By its definition, the service of process is simple enough: to “serve” or personally hand over legal documents to the respondent (or the defendant) in a case. It signals the start of a class action or legal proceeding. The courts of New York can only require a defendant to respond to a case and appear in a hearing if he or she has been served with a copy of the lawsuit — specifically, a summons with notice, summons and complaint, or petition.
Who can serve legal documents in New York? According to federal and state law, a third party or anybody who is neither the petitioner (the plaintiff) nor the attorney can serve legal documents. There is only one requirement: the person who delivers the legal documents to the defendant should be 18 years old or older.
The straightforward job description and simple requirements for process serving give many the impression that anyone can serve legal documents. This assumption is wrong. Only people who have a thorough understanding of New York’s Civil Practice Law and Rules, have unfailing patience, are familiar with the city’s streets and neighborhoods, and are trained to handle tense and potentially violent situations can succeed as process servers.
A Job for People Who Can Tough It Out
There is more to process serving than what the law says. It is a demanding job that can subject a person to difficult and sometimes dangerous people and situations:
- Process servers encounter aggressive people, many of whom have a knee-jerk response to retaliate out of fear or anger.
No one wants to get served because no one wants to welcome the possibility of going to jail or paying reparations. This is why many defendants evade service and, when found, show aggression towards the people serving them with legal papers.
The most common examples of aggressive behavior towards process servers are verbal abuse and attempts at physical abuse. Angry defendants are likely to curse and shout at process servers. Some even take a swing at the messenger. Anecdotes from experienced process servers include getting egged, punched, and chased away with threats of physical harm.
This is the reality of process serving: it is rarely easy, and only people who are smart, brave, and strong enough to face aggressive people can be successful at this line of work. Licensed process servers are equipped with the knowledge and ability to protect themselves.
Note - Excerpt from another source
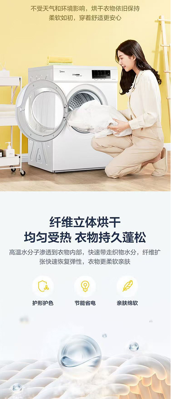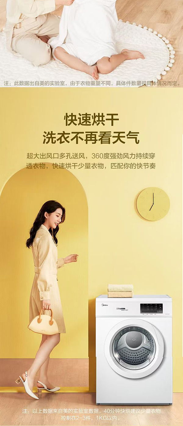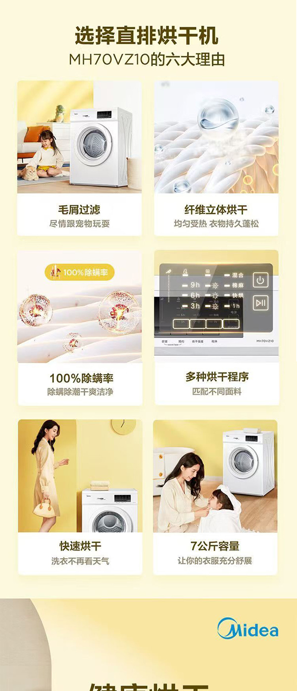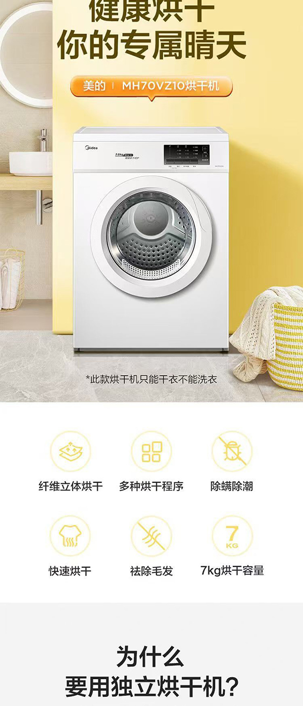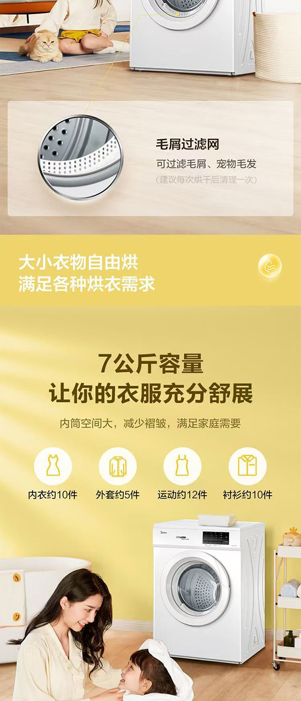 美的7kg全自动迷你小型家用除菌滚筒烘干机MH70VZ10
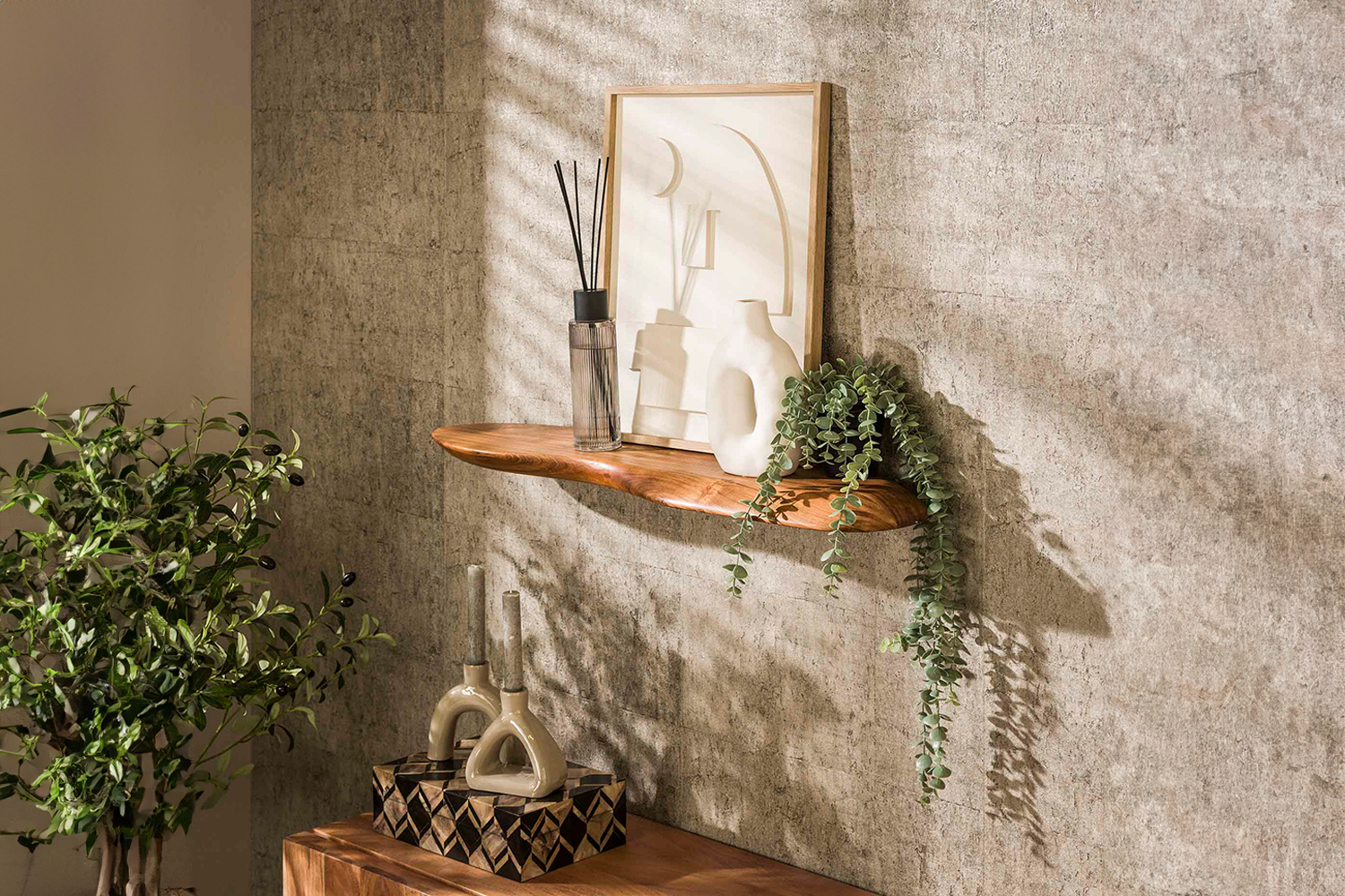 Das KAWOLA Wandregal HUZO 90 cm ist aus Akazienholz gefertigt und mit einem matten, transparenten Lack veredelt, der die natürliche Holzmaserung dezent hervorhebt. Seine organische Form und die warmen Farbtöne verleihen dem Regal eine ruhige Ausstrahlung. Die Montage ist dank der mitgelieferten unsichtbaren Nocken ganz einfach, sodass das Regal scheinbar an der Wand schwebt. Mit seiner Länge von 90 cm ist es vielseitig einsetzbar.

They are prepared to face the perils of the job, including a violent refusal.
- Process servers spend long hours on the road looking for evasive defendants.
Finding evasive defendants is part of the job description of a process server. Clients sometimes have very little information about the people they’re suing. For instance, the only address they have of the defendant could be an old residence or previous workplace. The respondent might have since moved, taken a vacation, or actively avoided being served.
Clients and their lawyers depend on process servers to find out where missing defendants currently live or work. As a result, process servers are often out on the streets looking for evasive defendants and studying their habits and daily routines. It’s not an exaggeration to say that process servers must have investigative skills and instincts: they may have to do stakeouts and tail people covertly for days. It also means that process servers spend the majority of their time outdoors, regardless of the weather or perceived safety of the neighborhoods where the respondents are staying. Experienced license servers have relevant tools and connections at their disposal to help them find the parties to be served.
The More Complex Challenges in Process Serving
The service of process becomes even more challenging when the situation requires a judgment call. Process serving can go wrong in many ways, especially when the respondent resists or retaliates.
New York City process servers do not merely serve documents; they analyze the situation and decide on the most effective way to carry out the task. To licensed and experienced servers, this comes as second nature. Having encountered different types of respondents prior, they have an idea of how the situation would play out and how to act.
An inexperienced process server might not be able to assess and respond to different kinds of respondents adequately. They might even overstep their boundaries and make the legal matter more complicated, to the inconvenience of the party seeking to serve the court papers.
Entering Private Properties
Process servers are not law enforcement officials, which means they do not have the authority to enter private properties on their own accord. In many cases, knocking on the front door is completely permitted, but not all respondents live in welcoming accommodations—especially those who are actively evading the servers. Things get complicated when the respondent lives in a vast estate plastered with “No Trespassing” signs. Process servers cannot ignore elements like these that could make the legal matter more complicated.
An experienced process server finds a way to circumvent the situation. As mentioned earlier, the process server might have to study their daily routines to find an excellent opportunity to serve. They might also turn to other locations, like the respondent’s workplace.
Keeping Abreast of Legal Regulations
There might be minute differences in how court papers should be served in different cases, and to make that even more complicated, these regulations are amended from time to time.
An inefficient process server might not be able to keep track of these changes. They might follow outdated policies and jeopardize the case. On the other hand, a dedicated process server actively keeps abreast of these legal regulations; it is part of their job. Clients and their lawyers have the peace of mind that the service of process will go as it should, and court order violations won’t occur.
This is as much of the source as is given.